One can only wonder how his music would have evolved had he lived longer...
This title's just .. seven .. words .. long
"Let me tell you something. We need a two and a half hour movie about the Doors? Folks, no we don't. I can sum it up for you in five seconds, ok. I'm drunk. I'm nobody. I'm drunk. I'm famous. I'm drunk. I'm f...ing dead. There's the whole movie, ok!? 'Big Fat Dead Guy in a Bath Tub', there's your title for you." - DENIS LEARY NO CURE FOR CANCER
I always had several interpretations of that song. most of them cenetering around the term “norwegian wood”.
Mind you, I was a pubescent teenager of minimal melanin at the time of the release. I stacked a lot of norwegian wood.
LOL — I wonder if that bugs the remaining Beetles er Beatles???
There was a FM station out of San Francisco, KSAN, that played a cut and randomly remixed version of Norwegian Wood called “Woodwegian Nord.” It actually made more sense than the original.
I don't see that at all. Their last two albums, Let It Be and Abbey Road , were both really good. Given the immediate successes of the individual careers of Paul, George, and Ringo, it didn't look like the Beatles were slowing down much. It could be argued that McCartney and Wings became the biggest act in the world once the Beatles broke up.
It was clear that the personal relationships were strained (particularly between Paul and John) but if they had acted like professionals and set aside those differences, they still had a lot of creative ideas. It was also clear that the world had not tired of the Beatles yet.
More that times were changing as the 70s came in. That’s not necessarily a comment on the quality of the music. But seven years is a pretty good run, all the same.
All things must pass
Beetles, the Spice Bugs.
That is a funny one.
Fair enough. Although given the commercial success of Paul, George, and Ringo in the 70s, it appears that they adapted pretty well to the evolving musical scene.

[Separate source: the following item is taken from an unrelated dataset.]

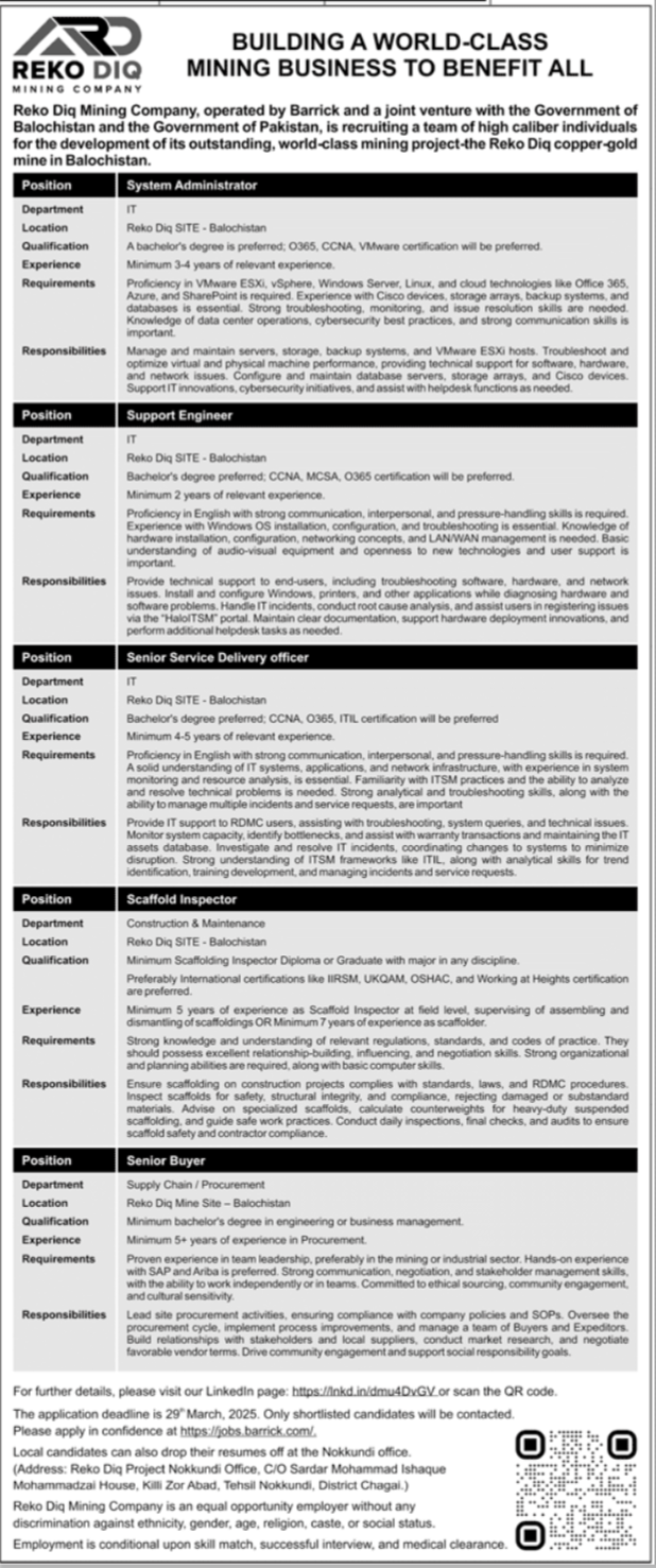 Reko Diq Mining Company RDMC invites applications for job positions advertised in daily Jang dated 22 March 2025 for following vacancies in Chaghi, chaghi Balochistan Pakistan.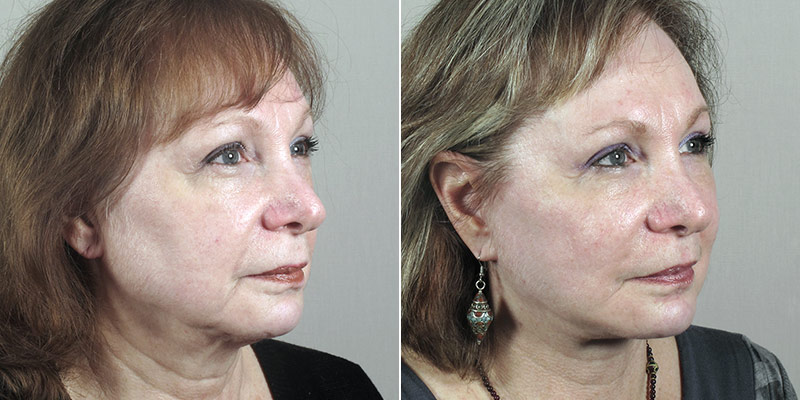This 61 year old existing patient of Dr. Parker’s was bothered by the laxity and sagging of her mid and lower face, as well as her neck. Her weight is stable. She had liposuction of her neck and an upper and lower lid blepharoplasty 20 years ago. At surgery, Dr. Parker performed fat injections to replace lost facial volume due to aging and a biplaner face and neck lift to correct the soft tissue laxity. The patient had a normal recovery period. She is very happy with her rejuvenated and natural looking face and neck.

You're right that the musical scene was about to change in huge way in the mid-70s with disco taking over. Although some 60s performers had some success with disco, only the BeeGees thrived to be accompanied by a whole bunch of new acts.
All that has surfaced in all of these years is a drug fuel studio jam session from 1974 while John had escaped to LA to avoid Yoko.
I seriously doubt that they would still be a couple in 2014.
Also John was the last Beatle to sign the paperwork to dissolve the band.
There are bits and places where this Beatle collaborated or appeared with that one as they grew on. John and Paul would've likely done something together at some point if he hadn't been shot.